▸ **Data for this task**:
━━━━

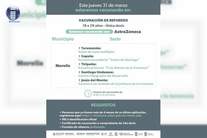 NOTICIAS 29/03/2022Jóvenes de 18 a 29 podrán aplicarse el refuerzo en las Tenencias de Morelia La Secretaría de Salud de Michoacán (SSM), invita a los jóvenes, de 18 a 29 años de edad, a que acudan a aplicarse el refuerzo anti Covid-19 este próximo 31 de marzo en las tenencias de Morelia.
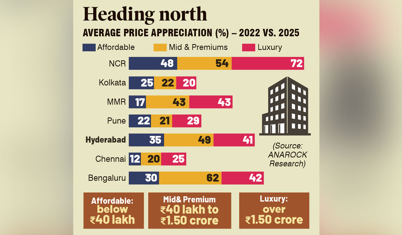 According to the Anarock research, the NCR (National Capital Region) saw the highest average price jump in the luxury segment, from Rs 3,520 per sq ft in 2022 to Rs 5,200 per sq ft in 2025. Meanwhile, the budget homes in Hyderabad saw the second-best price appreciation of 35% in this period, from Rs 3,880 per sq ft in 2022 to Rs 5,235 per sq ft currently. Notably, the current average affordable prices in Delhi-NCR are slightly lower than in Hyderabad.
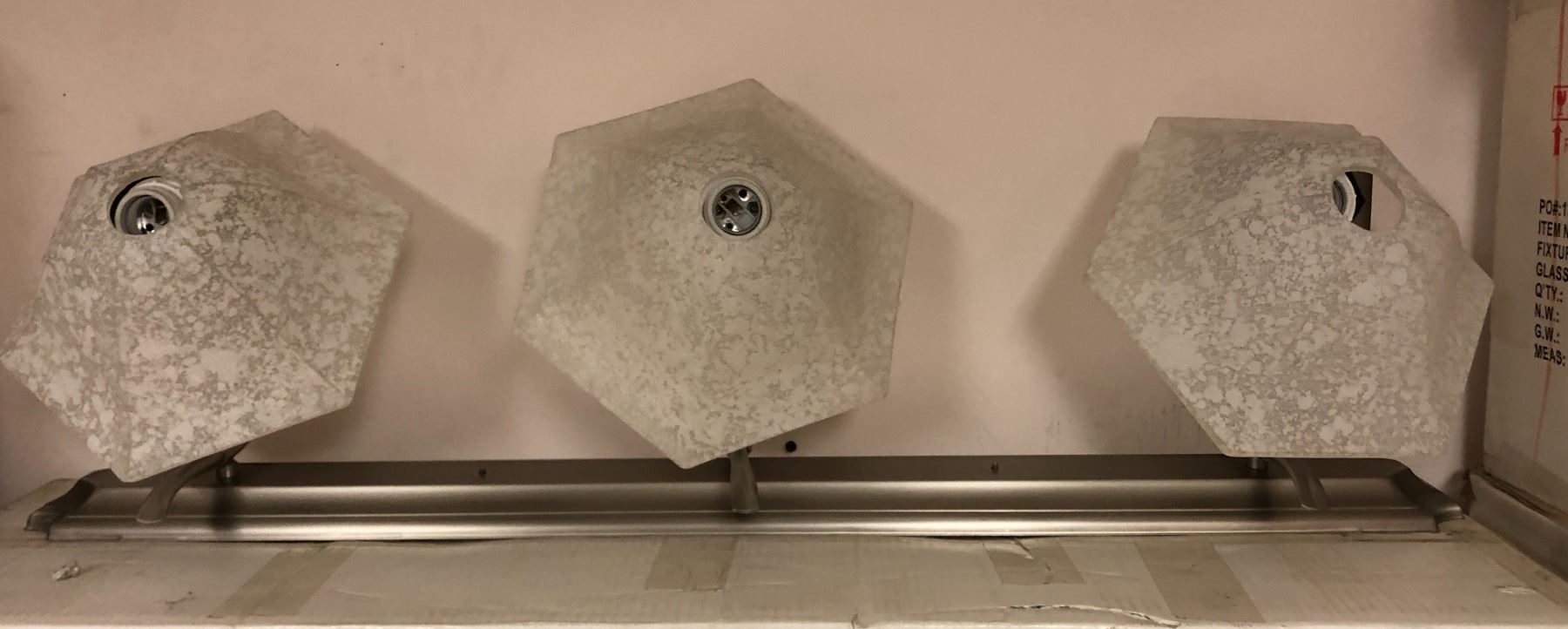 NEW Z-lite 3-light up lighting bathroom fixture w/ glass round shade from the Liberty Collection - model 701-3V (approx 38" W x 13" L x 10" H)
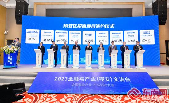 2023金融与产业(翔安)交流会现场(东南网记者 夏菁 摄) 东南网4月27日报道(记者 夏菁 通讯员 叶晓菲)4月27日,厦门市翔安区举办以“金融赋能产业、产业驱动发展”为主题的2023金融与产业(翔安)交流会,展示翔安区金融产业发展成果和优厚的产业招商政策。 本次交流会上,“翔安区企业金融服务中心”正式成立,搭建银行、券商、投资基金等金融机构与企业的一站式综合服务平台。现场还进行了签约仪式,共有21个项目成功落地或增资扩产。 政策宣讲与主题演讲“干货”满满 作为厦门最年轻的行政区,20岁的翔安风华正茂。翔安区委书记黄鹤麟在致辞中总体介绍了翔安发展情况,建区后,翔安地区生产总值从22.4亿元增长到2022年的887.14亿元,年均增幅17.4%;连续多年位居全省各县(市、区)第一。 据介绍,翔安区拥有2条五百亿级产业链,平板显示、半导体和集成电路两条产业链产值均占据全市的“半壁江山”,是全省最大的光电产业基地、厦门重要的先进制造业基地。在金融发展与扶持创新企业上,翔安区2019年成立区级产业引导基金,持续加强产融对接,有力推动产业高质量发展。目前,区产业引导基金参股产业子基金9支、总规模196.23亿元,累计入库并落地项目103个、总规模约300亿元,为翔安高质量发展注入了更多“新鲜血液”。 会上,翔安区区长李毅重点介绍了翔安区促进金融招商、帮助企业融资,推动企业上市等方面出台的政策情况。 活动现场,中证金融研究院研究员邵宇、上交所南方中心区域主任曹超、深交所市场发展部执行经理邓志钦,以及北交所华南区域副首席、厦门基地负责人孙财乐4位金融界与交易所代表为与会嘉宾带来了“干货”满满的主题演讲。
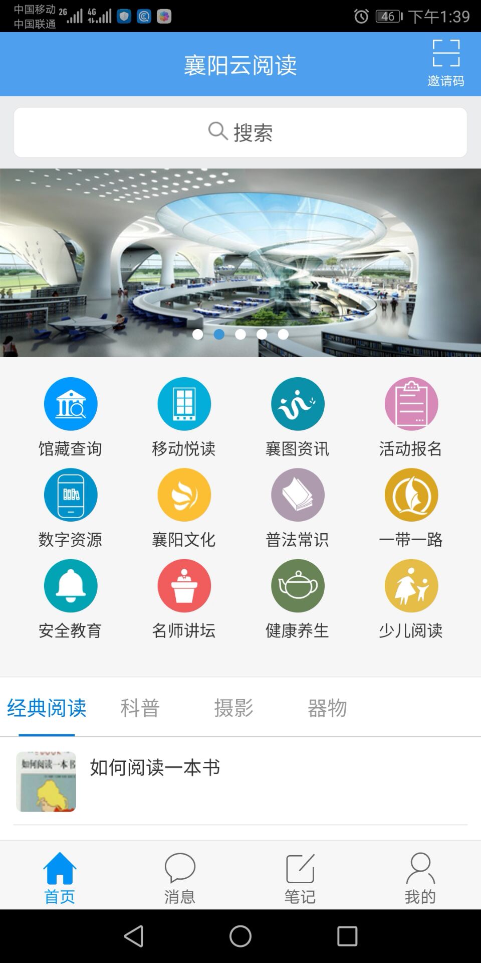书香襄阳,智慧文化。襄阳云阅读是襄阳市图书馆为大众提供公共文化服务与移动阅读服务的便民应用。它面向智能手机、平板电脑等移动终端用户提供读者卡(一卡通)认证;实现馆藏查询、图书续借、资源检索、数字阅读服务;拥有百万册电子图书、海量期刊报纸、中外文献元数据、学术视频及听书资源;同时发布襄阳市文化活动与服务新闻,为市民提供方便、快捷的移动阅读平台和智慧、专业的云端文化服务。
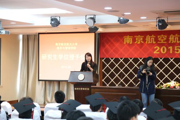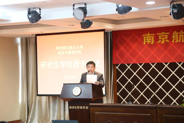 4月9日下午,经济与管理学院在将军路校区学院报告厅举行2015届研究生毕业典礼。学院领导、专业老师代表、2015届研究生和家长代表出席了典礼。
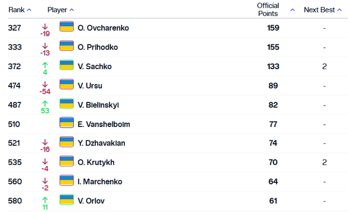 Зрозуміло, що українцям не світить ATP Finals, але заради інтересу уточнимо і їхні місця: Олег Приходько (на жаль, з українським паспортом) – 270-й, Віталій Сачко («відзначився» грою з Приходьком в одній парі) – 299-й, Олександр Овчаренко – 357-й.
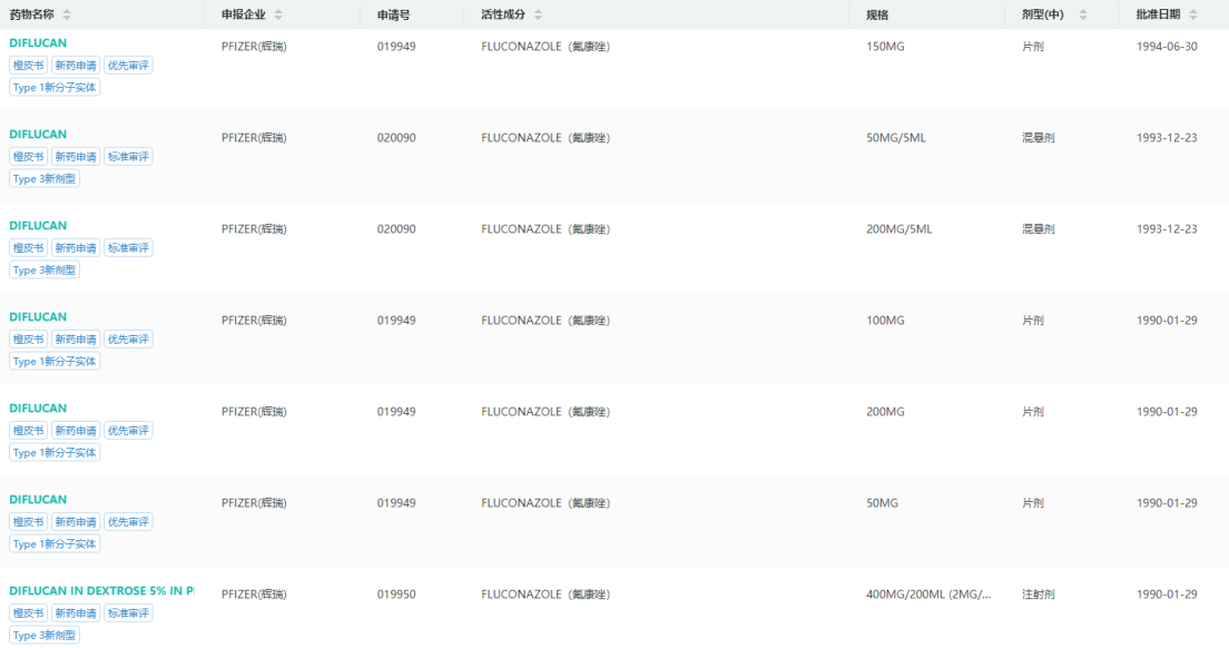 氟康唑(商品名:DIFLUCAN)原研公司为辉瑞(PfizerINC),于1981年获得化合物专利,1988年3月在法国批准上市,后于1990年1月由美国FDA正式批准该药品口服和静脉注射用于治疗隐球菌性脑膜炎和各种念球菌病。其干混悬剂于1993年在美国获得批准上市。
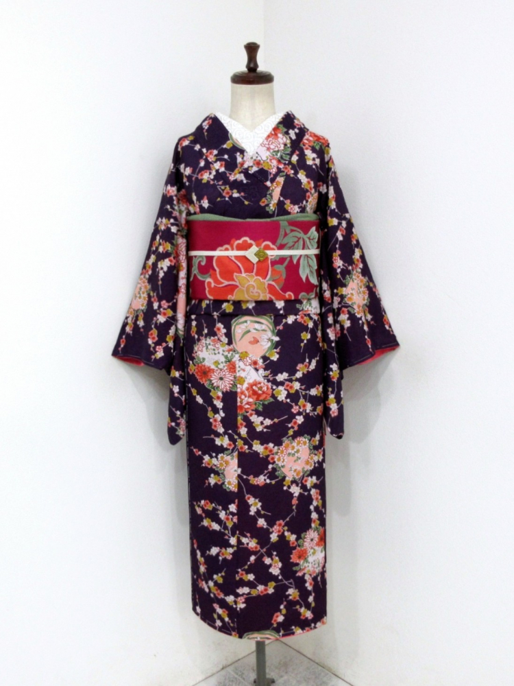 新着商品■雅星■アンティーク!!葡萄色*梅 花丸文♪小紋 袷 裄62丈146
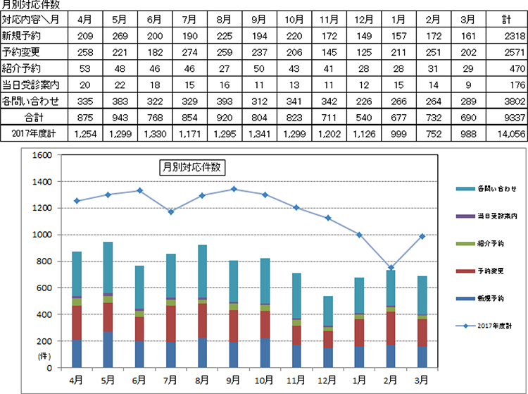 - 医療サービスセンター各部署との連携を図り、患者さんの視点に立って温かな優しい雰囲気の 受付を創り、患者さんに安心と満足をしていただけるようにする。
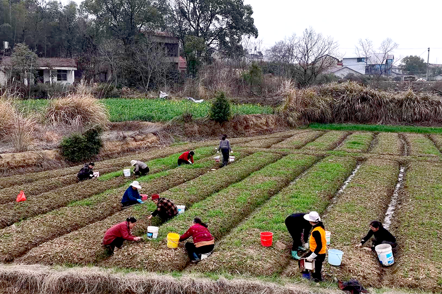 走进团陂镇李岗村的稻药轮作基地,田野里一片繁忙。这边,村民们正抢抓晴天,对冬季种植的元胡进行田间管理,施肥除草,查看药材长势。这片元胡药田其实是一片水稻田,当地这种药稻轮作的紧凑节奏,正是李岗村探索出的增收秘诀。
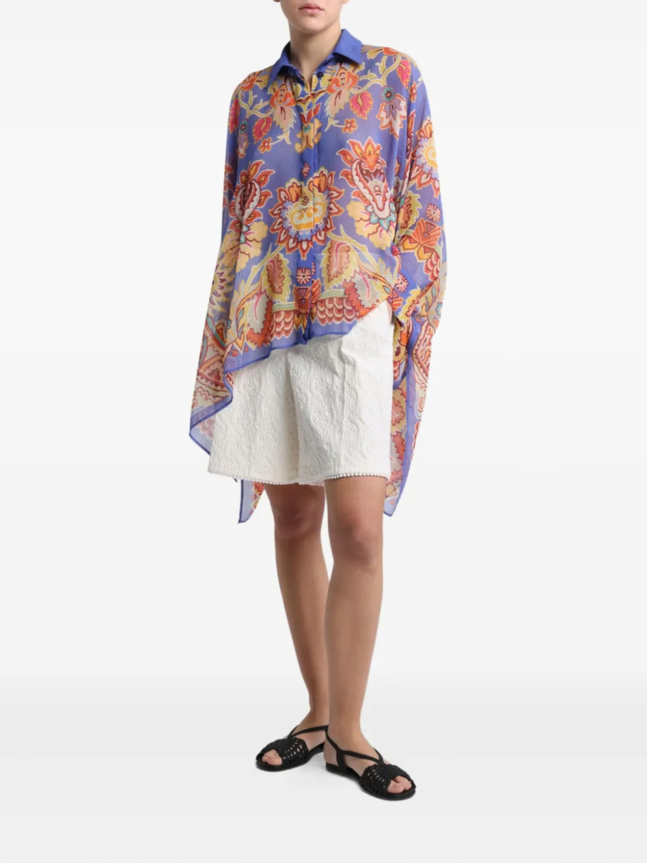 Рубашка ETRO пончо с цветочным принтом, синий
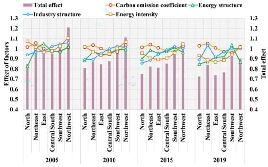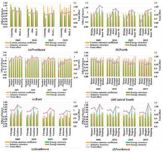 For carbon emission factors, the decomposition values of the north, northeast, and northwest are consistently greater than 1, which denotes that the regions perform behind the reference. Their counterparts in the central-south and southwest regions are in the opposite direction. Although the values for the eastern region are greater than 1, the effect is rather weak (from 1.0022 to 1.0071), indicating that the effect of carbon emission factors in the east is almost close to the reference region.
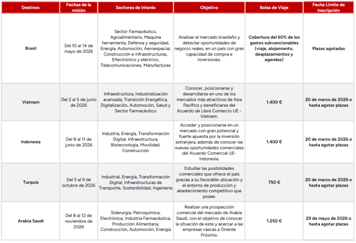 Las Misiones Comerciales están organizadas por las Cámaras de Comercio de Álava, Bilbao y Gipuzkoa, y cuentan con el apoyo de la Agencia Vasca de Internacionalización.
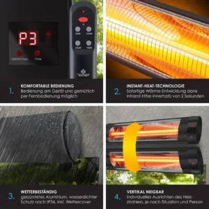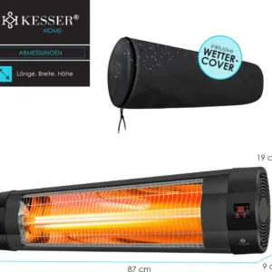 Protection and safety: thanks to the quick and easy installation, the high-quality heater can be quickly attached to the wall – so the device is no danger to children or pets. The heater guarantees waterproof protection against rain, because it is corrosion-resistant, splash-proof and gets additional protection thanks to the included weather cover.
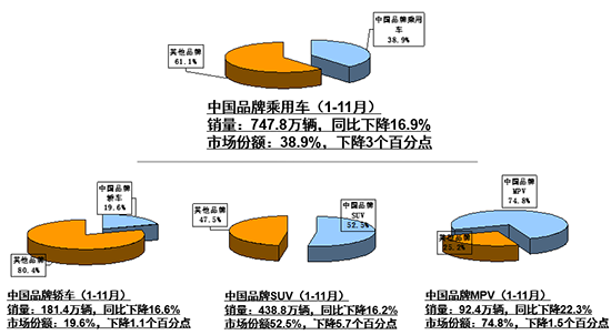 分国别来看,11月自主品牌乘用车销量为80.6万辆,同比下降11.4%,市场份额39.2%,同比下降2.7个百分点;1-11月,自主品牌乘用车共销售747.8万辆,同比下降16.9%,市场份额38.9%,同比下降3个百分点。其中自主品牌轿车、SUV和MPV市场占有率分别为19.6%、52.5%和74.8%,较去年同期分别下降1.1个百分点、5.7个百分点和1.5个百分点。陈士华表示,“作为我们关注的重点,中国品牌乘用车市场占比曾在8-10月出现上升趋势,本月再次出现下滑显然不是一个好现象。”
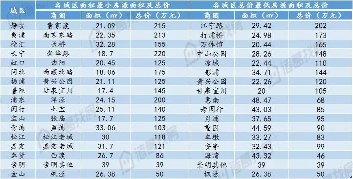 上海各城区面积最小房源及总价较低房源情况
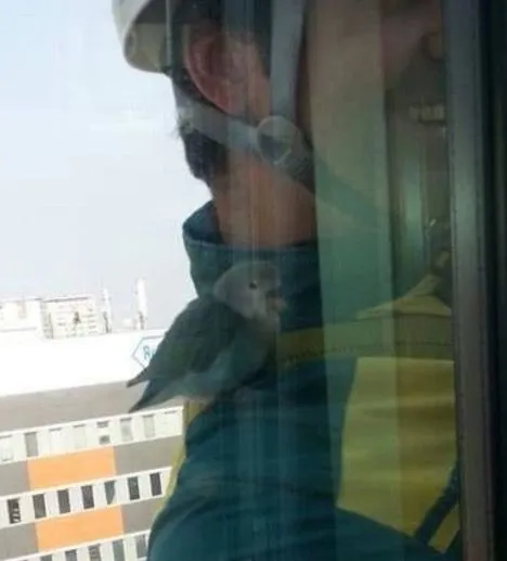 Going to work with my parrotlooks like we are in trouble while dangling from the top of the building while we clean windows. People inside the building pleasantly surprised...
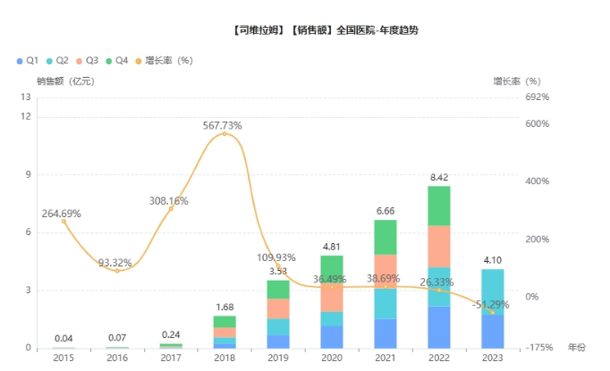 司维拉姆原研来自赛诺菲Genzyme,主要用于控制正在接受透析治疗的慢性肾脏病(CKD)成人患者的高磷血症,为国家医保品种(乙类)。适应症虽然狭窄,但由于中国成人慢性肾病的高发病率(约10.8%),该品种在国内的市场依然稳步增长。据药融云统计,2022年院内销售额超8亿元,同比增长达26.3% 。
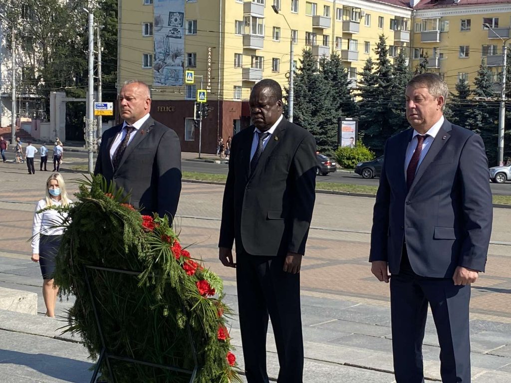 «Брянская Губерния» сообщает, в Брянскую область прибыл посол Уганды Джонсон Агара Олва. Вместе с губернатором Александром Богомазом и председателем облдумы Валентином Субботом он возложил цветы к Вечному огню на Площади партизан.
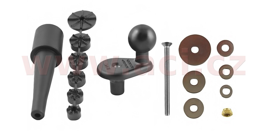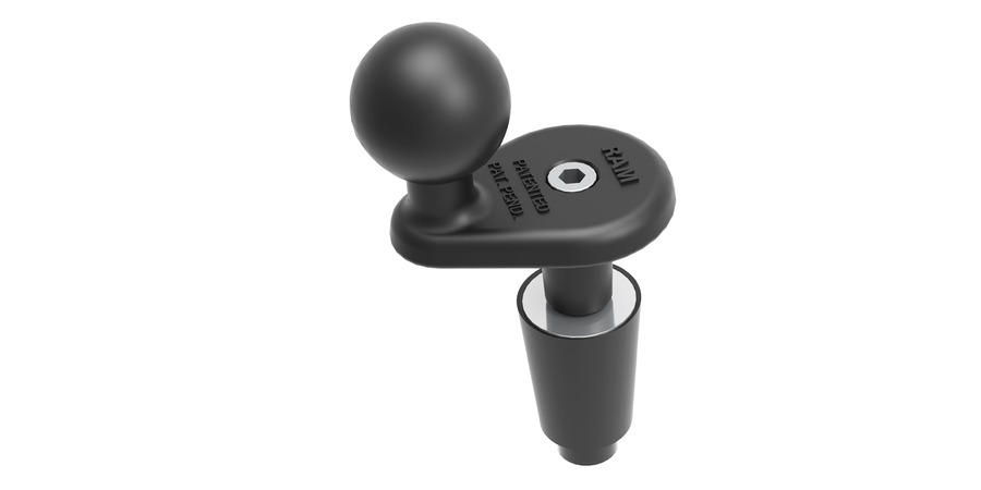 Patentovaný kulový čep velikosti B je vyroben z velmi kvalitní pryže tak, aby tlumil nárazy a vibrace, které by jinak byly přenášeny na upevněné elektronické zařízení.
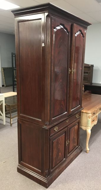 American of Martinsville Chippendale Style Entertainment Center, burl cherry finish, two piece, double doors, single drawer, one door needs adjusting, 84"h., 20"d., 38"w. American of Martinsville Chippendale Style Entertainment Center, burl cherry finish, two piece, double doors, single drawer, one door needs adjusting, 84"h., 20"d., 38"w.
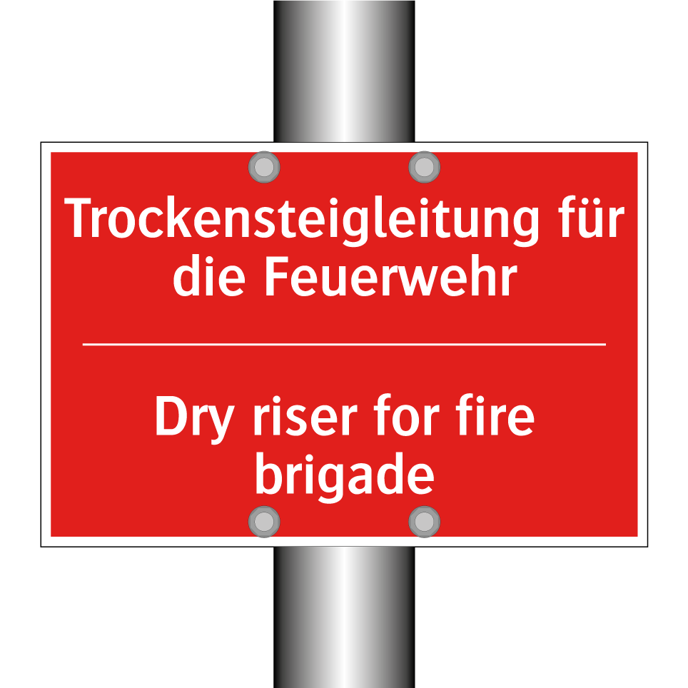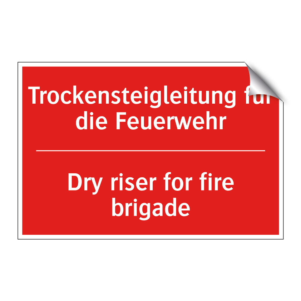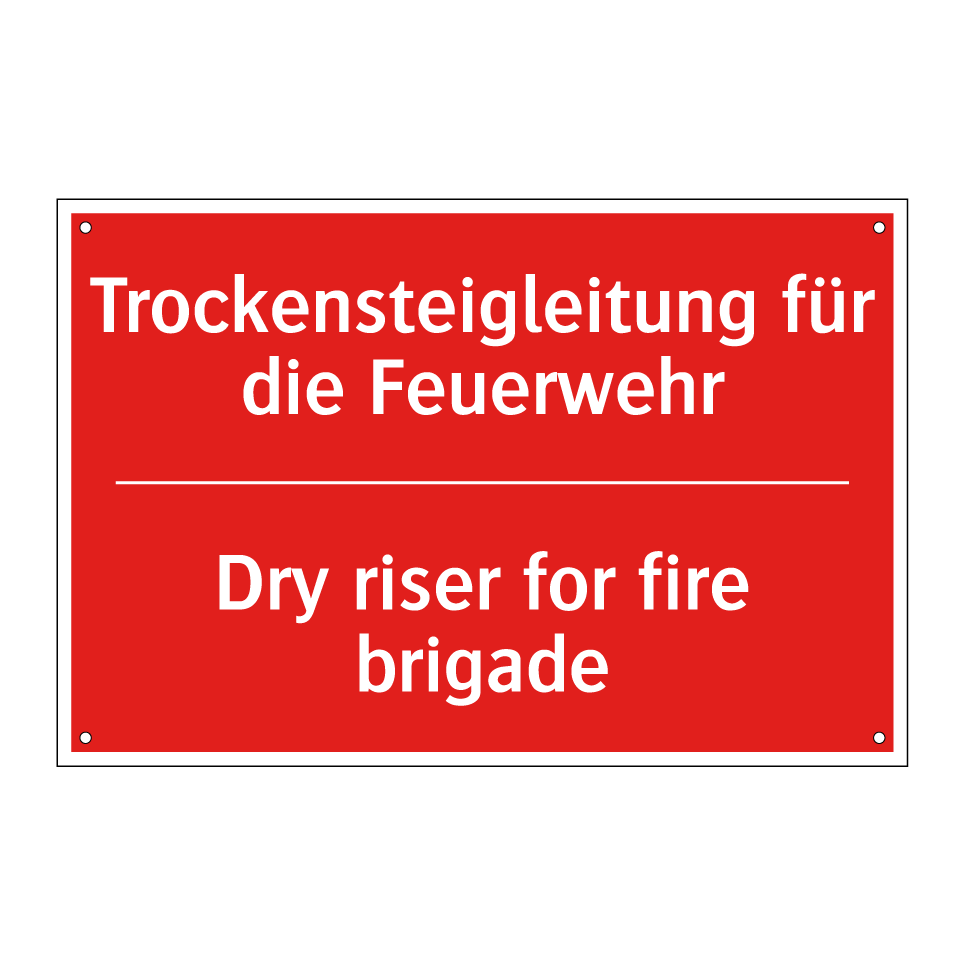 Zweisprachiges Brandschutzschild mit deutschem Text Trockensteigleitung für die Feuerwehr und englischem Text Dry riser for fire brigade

━━━━

▸ **Work instructions**:
Out of the records above, set down only the lines from the one that contains "Protection and safety: thanks" through the one that contains "Patentovaný kulový čep", unchanged and without the pictures.

▸ **Completed task**:
 Protection and safety: thanks to the quick and easy installation, the high-quality heater can be quickly attached to the wall – so the device is no danger to children or pets. The heater guarantees waterproof protection against rain, because it is corrosion-resistant, splash-proof and gets additional protection thanks to the included weather cover.
 分国别来看,11月自主品牌乘用车销量为80.6万辆,同比下降11.4%,市场份额39.2%,同比下降2.7个百分点;1-11月,自主品牌乘用车共销售747.8万辆,同比下降16.9%,市场份额38.9%,同比下降3个百分点。其中自主品牌轿车、SUV和MPV市场占有率分别为19.6%、52.5%和74.8%,较去年同期分别下降1.1个百分点、5.7个百分点和1.5个百分点。陈士华表示,“作为我们关注的重点,中国品牌乘用车市场占比曾在8-10月出现上升趋势,本月再次出现下滑显然不是一个好现象。”
 上海各城区面积最小房源及总价较低房源情况
 Going to work with my parrotlooks like we are in trouble while dangling from the top of the building while we clean windows. People inside the building pleasantly surprised...
 司维拉姆原研来自赛诺菲Genzyme,主要用于控制正在接受透析治疗的慢性肾脏病(CKD)成人患者的高磷血症,为国家医保品种(乙类)。适应症虽然狭窄,但由于中国成人慢性肾病的高发病率(约10.8%),该品种在国内的市场依然稳步增长。据药融云统计,2022年院内销售额超8亿元,同比增长达26.3% 。
 «Брянская Губерния» сообщает, в Брянскую область прибыл посол Уганды Джонсон Агара Олва. Вместе с губернатором Александром Богомазом и председателем облдумы Валентином Субботом он возложил цветы к Вечному огню на Площади партизан.
 Patentovaný kulový čep velikosti B je vyroben z velmi kvalitní pryže tak, aby tlumil nárazy a vibrace, které by jinak byly přenášeny na upevněné elektronické zařízení.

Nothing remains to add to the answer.